ClinicalTrials.gov ID: NCT06868433
HealthScout AI summary: Adults with unresectable recurrent/metastatic HPV16-positive, PD-L1 CPS ≥1 HNSCC (non-nasopharyngeal) and no prior systemic therapy in the R/M setting are randomized to pembrolizumab with or without PDS0101. PDS0101 is an investigational Versamune-based HPV16 antigen vaccine aiming to induce HPV16-specific CD8/CD4 T cells to enhance response to PD-1 blockade.
ClinicalTrials.gov ID: NCT06790966
HealthScout AI summary: Adults with platinum-refractory recurrent/metastatic HNSCC (oral cavity, oropharynx, larynx, hypopharynx), PD-L1 CPS ≥1, ECOG 0–2, and no prior systemic therapy for R/M disease are randomized to pembrolizumab alone vs pembrolizumab plus cetuximab. Pembrolizumab is an anti–PD-1 antibody; cetuximab is an anti-EGFR antibody, with the combination tested to enhance efficacy in this setting.

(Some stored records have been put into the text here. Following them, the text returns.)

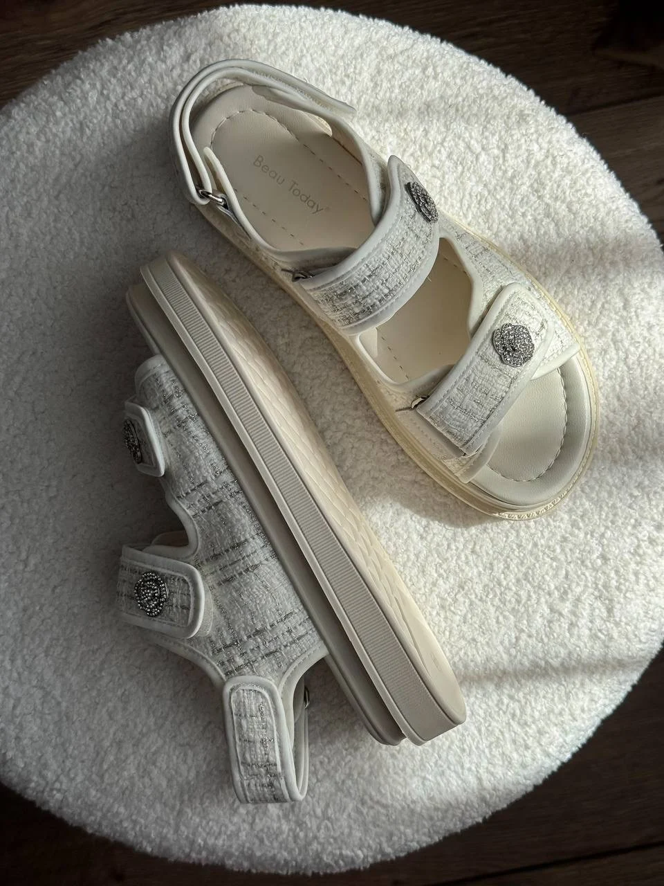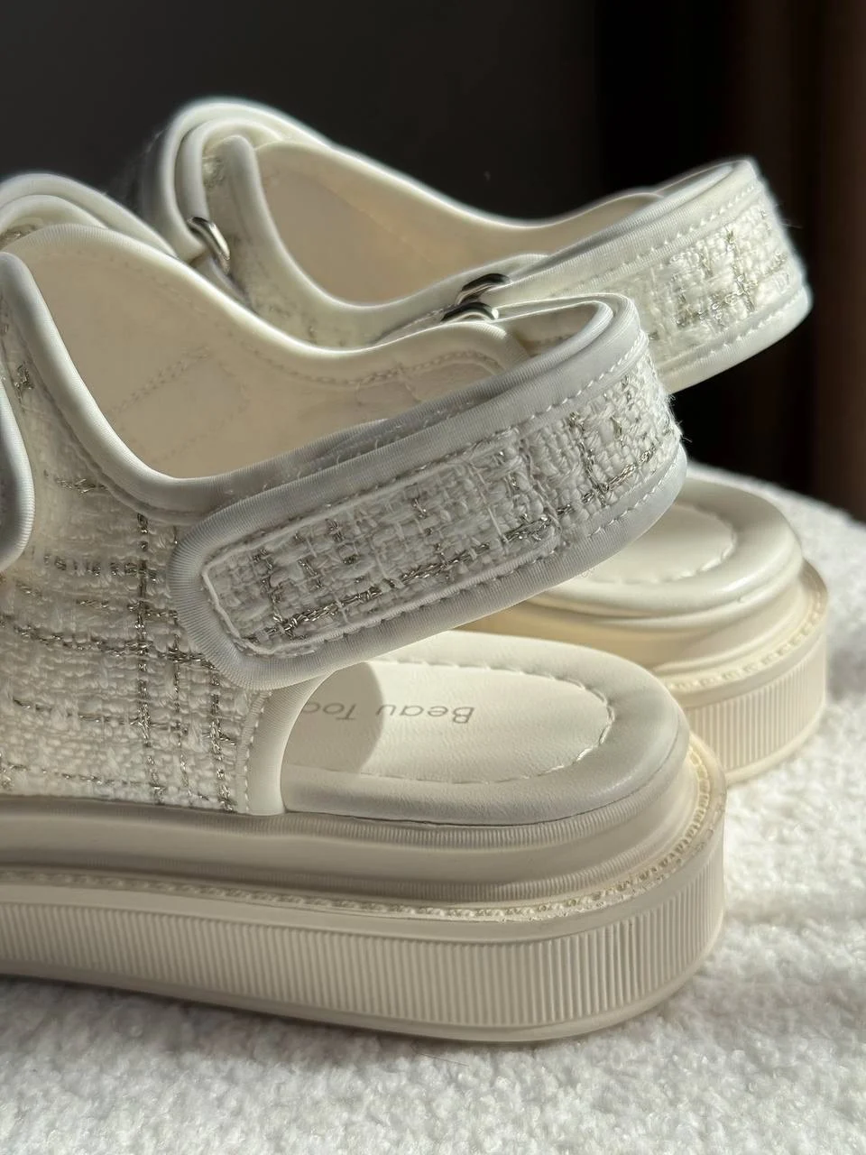 Прекрасные сандалии из твида. Выполнены в комбинации с искусственной кожей Нежные, отлично сочетаются с большим количеством летних вещей) В отпуске надевала их часто. Носить комфортно) В том числе, и на длительные расстояния. Практически не натирают На стопу 25.3 см заказала 9 размер. В магазинах обычно покупаю 40 размер. Подошли хорошо Застегиваются на липучки. Больше отзывов - Cheburyndel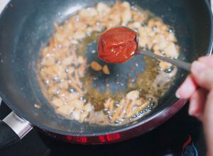 另起锅油热后倒入两勺番茄酱!烧热后把炸好的虾倒入锅内翻炒均匀!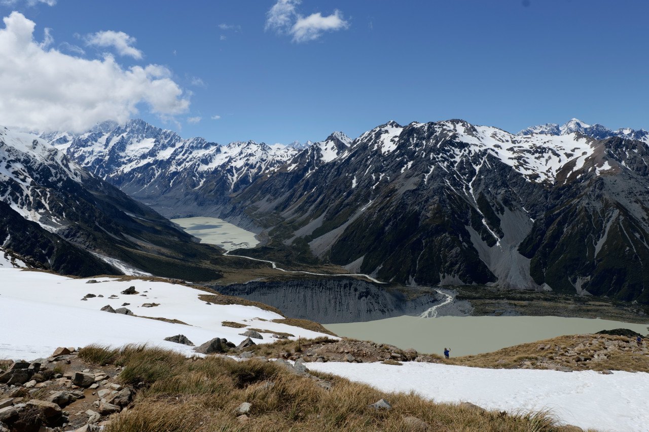 W pobliżu lodowców, bliżej środka wyspy, znajduje się Góra Cooka, czyli najwyższy szczyt Nowej Zelandii. Jadąc w jego kierunku, trzeba minąć jezioro Pukaki, w którego szmaragdowych wodach już z daleka odbija się ośnieżony szczyt. Na samą górę nie można wchodzić, ale w pobliżu znajdują się dwa szlaki, które umożliwiają oglądanie pobliskiej panoramy i góry z nieco wyższej perspektywy. Kolejną możliwością zbliżenia się do góry jest lot śmigłowcem z międzylądowaniem w pobliżu.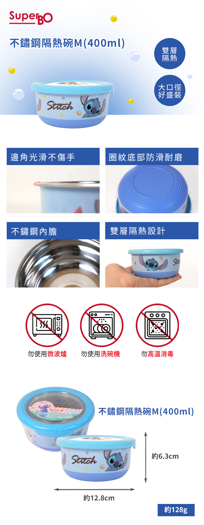 SuperBO 不鏽鋼隔熱碗M(400ml)史迪奇

ClinicalTrials.gov ID: NCT06589804
HealthScout AI summary: RET fusion–positive, radioiodine-refractory differentiated thyroid cancer (adolescents ≥12 and adults) with metastatic/unresectable disease, limited prior therapy, and no prior RET TKI receive a short selpercatinib lead-in (selective RET kinase inhibitor) to restore radioiodine uptake followed by therapeutic I-131 under rhTSH, with an option for a second selpercatinib/I-131 course if uptake is restored. Key allowances include treated/stable brain metastases; exclusions include QT-prolonging risks and recent I-131.